⟨
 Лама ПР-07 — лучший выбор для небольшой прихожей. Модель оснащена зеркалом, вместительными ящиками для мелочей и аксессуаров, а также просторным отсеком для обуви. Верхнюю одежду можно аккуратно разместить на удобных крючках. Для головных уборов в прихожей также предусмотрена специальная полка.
⟩
⟨
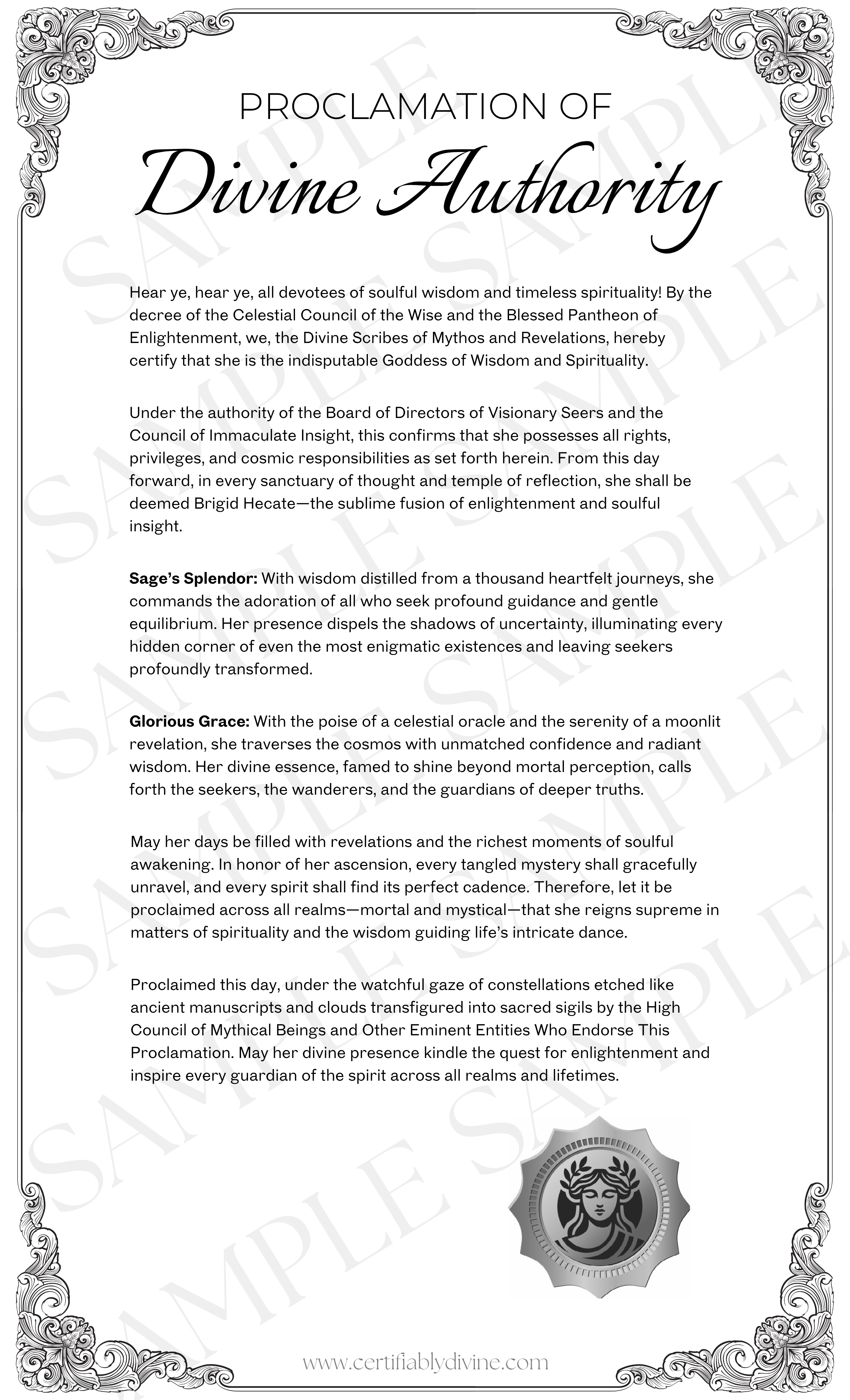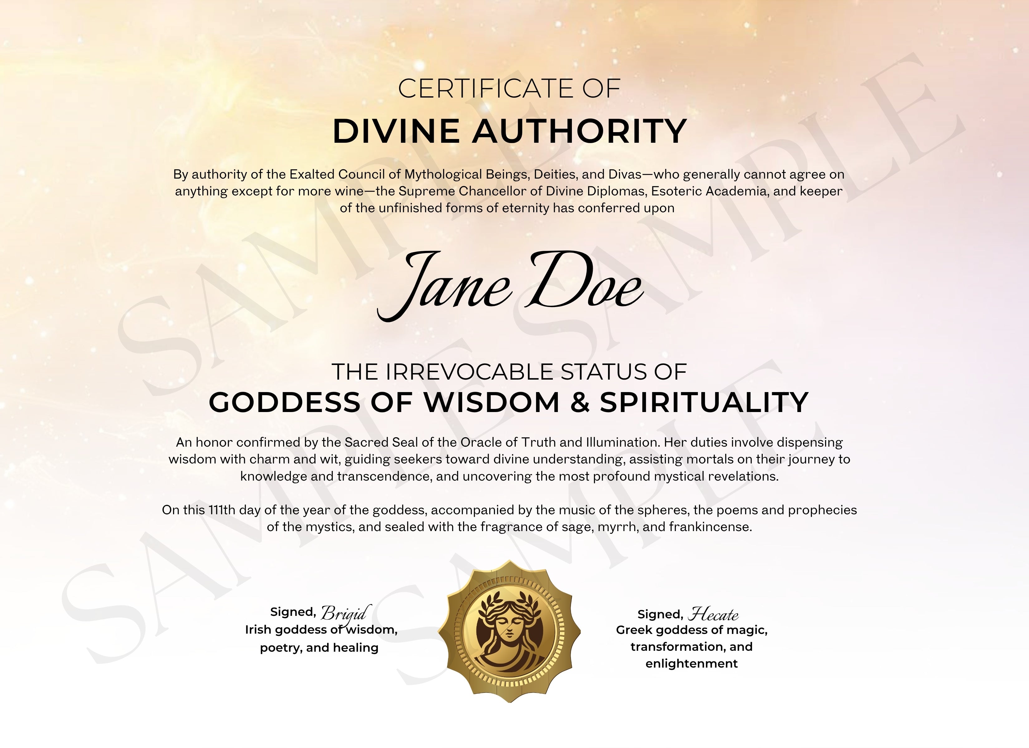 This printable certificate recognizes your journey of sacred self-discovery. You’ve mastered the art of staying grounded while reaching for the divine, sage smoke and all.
⟩
⟨
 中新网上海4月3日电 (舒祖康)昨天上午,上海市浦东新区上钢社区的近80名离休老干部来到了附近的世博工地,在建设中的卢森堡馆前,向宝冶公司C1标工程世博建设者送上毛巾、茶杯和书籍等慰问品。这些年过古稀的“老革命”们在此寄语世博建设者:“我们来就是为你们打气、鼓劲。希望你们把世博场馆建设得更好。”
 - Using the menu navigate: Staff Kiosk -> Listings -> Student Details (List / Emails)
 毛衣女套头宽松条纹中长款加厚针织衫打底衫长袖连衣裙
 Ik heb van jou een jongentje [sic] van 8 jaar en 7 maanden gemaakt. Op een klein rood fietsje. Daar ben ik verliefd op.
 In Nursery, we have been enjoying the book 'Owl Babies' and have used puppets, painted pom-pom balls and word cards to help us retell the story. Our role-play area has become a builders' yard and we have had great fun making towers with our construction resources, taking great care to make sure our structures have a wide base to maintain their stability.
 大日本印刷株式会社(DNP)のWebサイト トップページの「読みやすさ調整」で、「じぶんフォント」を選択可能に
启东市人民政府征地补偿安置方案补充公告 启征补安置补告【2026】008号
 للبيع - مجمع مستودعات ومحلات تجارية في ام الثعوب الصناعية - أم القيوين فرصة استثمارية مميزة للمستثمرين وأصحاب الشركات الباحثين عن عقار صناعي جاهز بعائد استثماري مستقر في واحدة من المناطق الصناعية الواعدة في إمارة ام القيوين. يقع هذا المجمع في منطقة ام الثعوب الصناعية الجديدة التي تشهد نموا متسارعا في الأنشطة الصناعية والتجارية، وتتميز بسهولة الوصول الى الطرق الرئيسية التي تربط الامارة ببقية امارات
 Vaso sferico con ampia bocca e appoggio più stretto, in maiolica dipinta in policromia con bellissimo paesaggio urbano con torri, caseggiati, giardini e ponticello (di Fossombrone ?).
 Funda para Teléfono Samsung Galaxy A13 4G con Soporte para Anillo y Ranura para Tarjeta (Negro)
⟩
_What the exercise asks:_ Above are the entries. Output exactly the lines beginning with the line that has "中新网上海4月3日电 (舒祖" and ending with the line that has "Ik heb van jou".

_Exercise output:_
 中新网上海4月3日电 (舒祖康)昨天上午,上海市浦东新区上钢社区的近80名离休老干部来到了附近的世博工地,在建设中的卢森堡馆前,向宝冶公司C1标工程世博建设者送上毛巾、茶杯和书籍等慰问品。这些年过古稀的“老革命”们在此寄语世博建设者:“我们来就是为你们打气、鼓劲。希望你们把世博场馆建设得更好。”
 - Using the menu navigate: Staff Kiosk -> Listings -> Student Details (List / Emails)
 毛衣女套头宽松条纹中长款加厚针织衫打底衫长袖连衣裙
 Ik heb van jou een jongentje [sic] van 8 jaar en 7 maanden gemaakt. Op een klein rood fietsje. Daar ben ik verliefd op.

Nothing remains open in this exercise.